The Friendship Dance: One of the favorite dances of most Pauwau participants. The dancers form a long line while holding hands. Leaders lead the dance through various movements and tie the line of dancers into various knots and formations inside the dance arena. The Waccamaw usually have a friendship dance following every Grand Entry.
Dance Demonstrations and Competition: The master of ceremonies calls for dance groups to demonstrate various styles of dance, twirling, dipping and repeating movements their ancestors have done for generations. Pauwau dancers build their own regalia and must eat, sleep and otherwise survive while visiting. While some Pauwaus reward dancers for their expertise and style, the Waccamaw believe that dance is an art form and should not be judged. Therefore, a dance raffle is held and dance teams receive payments based on the luck of the draw.

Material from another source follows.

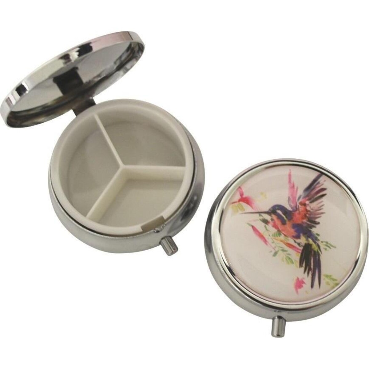 For some of us keeping our health parameters under check would need constant medication - so be it any kind of regular medicines, you could trust this pill box you give you enough support to make its consumption a habit. The inner space has been compartmentalized into three sections, one for each time of the day - morning, afternoon and bight - the usual timings that meds are taken. The inner portions is made of plastic and the inner lid has a mirrors that adds more to the charm of this organizer. The pill box is stylised to look like an accessory that you would be proud to flaunt. The superb solid metal body in silver gets complimented by the water colour hummingbird gracing its top cover. Easy to open with the press of as tiny button fitted on the edge it closes as much with as much swiftness. The compact pill box is barely 5 cm in diameter and will thus fit into any kind of bag or purse with ease.

The Waccamaw Cultural Arts Festival and Pauwau is in its 28th year and is the biggest and best attended Native event in South Carolina. It attracts 7,000 to 8,000 people of all races and backgrounds. Past visitors have attended from Florida, Tennessee, Georgia, Alabama, North Carolina, Virginia, West Virginia, and even as far away as California. In 2003, more than 21 Tribal Chiefs from across the nation attended and a photo of all these chiefs is now used on the State’s Commission for Minority Affairs poster.
The Pauwau is always held on the first Saturday and Sunday in November at the tribal grounds, Bluewater Road in Aynor, S.C. This year, it will be November 7 and 8 and the public is very welcome to attend.
“We encourage all our friends and neighbors to attend our Pauwau,” said Chief Hatcher. “Better understanding of our history and culture will lead to better relationships for all in the future.”